#### [Information shown]

◇ ◇ ◇ ◇ ◇ ◇ ◇

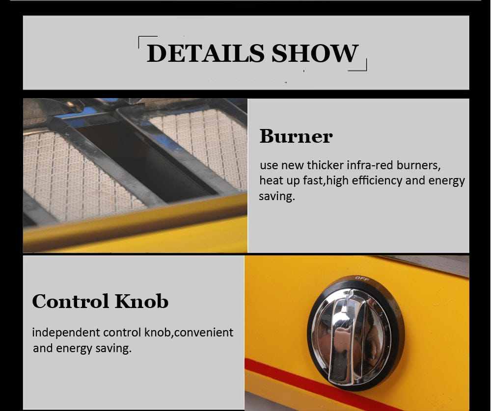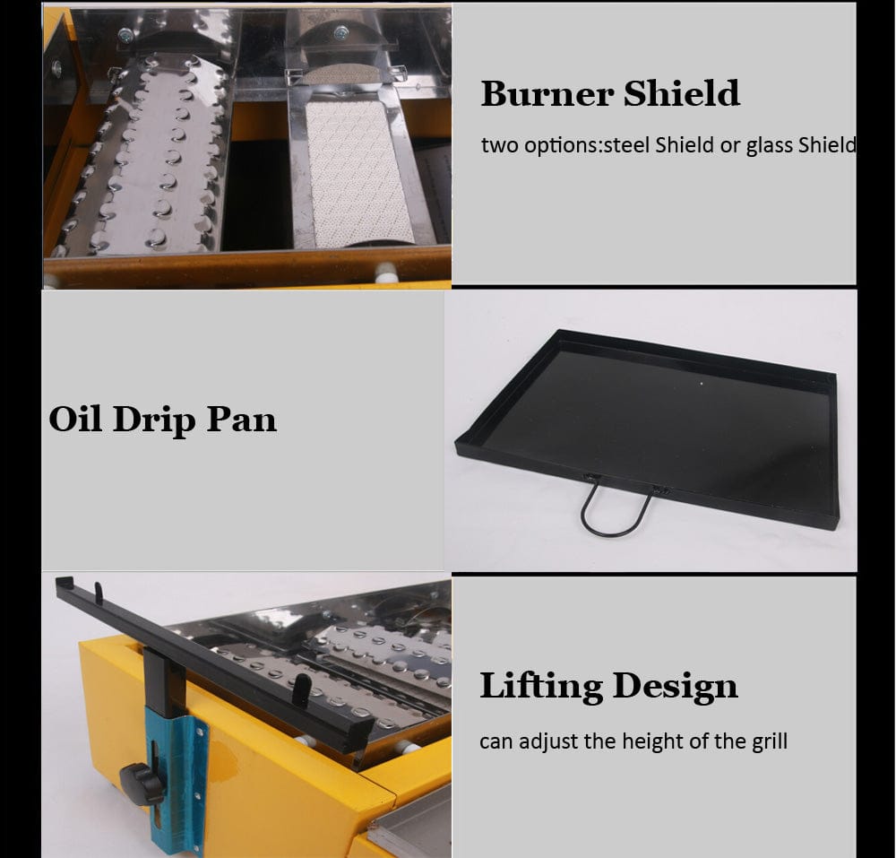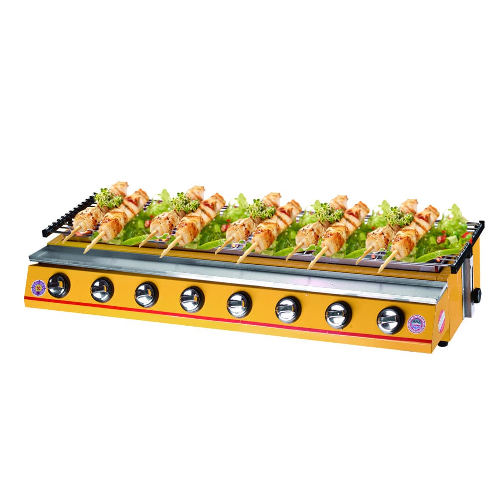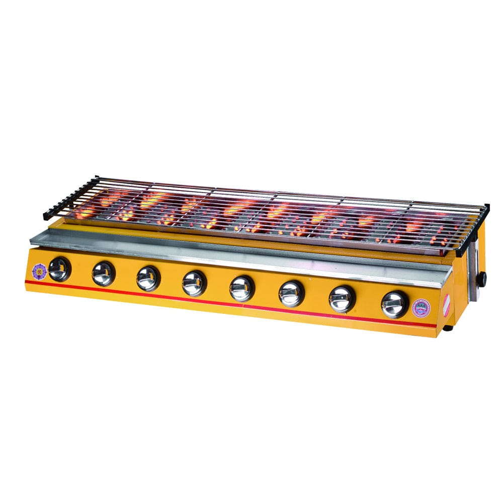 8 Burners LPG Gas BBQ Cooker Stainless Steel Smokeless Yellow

◇ ◇ ◇ ◇ ◇ ◇ ◇

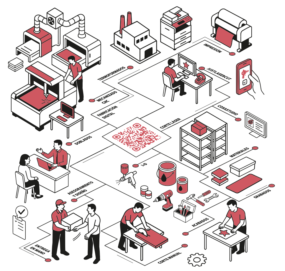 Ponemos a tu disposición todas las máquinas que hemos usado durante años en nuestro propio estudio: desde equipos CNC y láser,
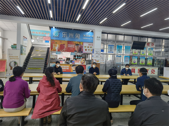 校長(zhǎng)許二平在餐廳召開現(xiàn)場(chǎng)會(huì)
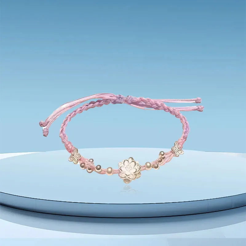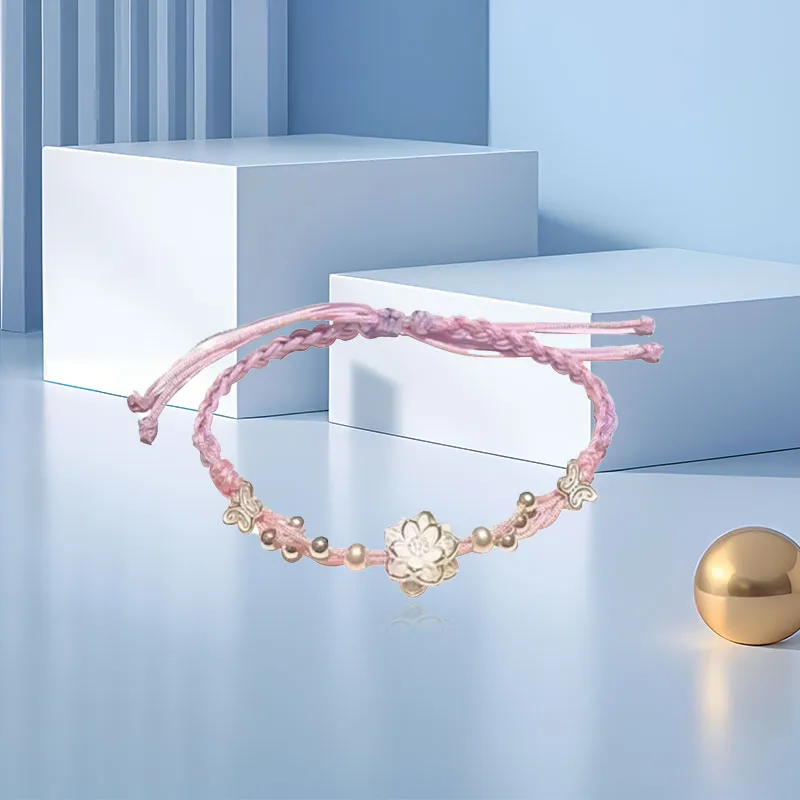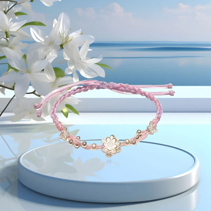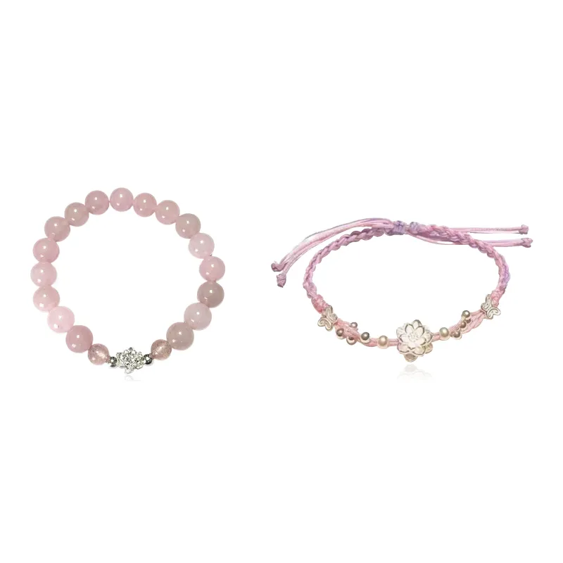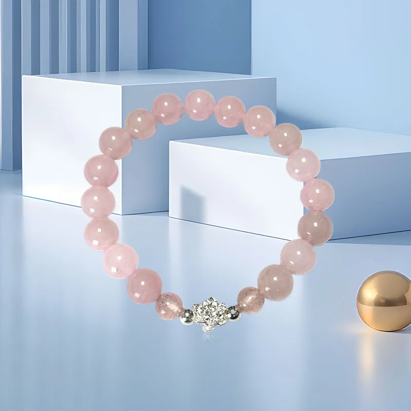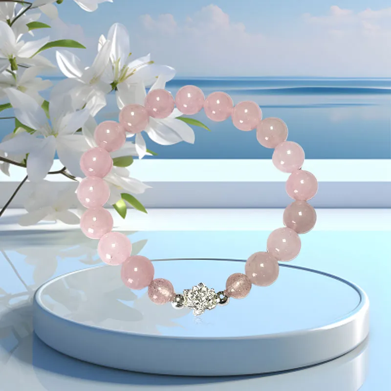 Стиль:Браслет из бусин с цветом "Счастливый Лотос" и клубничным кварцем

◇ ◇ ◇ ◇ ◇ ◇ ◇

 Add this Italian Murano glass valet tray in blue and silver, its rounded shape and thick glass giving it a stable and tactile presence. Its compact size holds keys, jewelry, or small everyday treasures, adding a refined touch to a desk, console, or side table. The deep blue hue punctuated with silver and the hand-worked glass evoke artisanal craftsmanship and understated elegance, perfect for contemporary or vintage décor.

◇ ◇ ◇ ◇ ◇ ◇ ◇

#### [Problem description]
The answer must be the part of the records that opens with the line containing "Ponemos a tu" and closes with the line containing "Стиль:Браслет из бусин", reproduced exactly, with no pictures.

#### [Answer for the task]
 Ponemos a tu disposición todas las máquinas que hemos usado durante años en nuestro propio estudio: desde equipos CNC y láser,
 校長(zhǎng)許二平在餐廳召開現(xiàn)場(chǎng)會(huì)
 Стиль:Браслет из бусин с цветом "Счастливый Лотос" и клубничным кварцем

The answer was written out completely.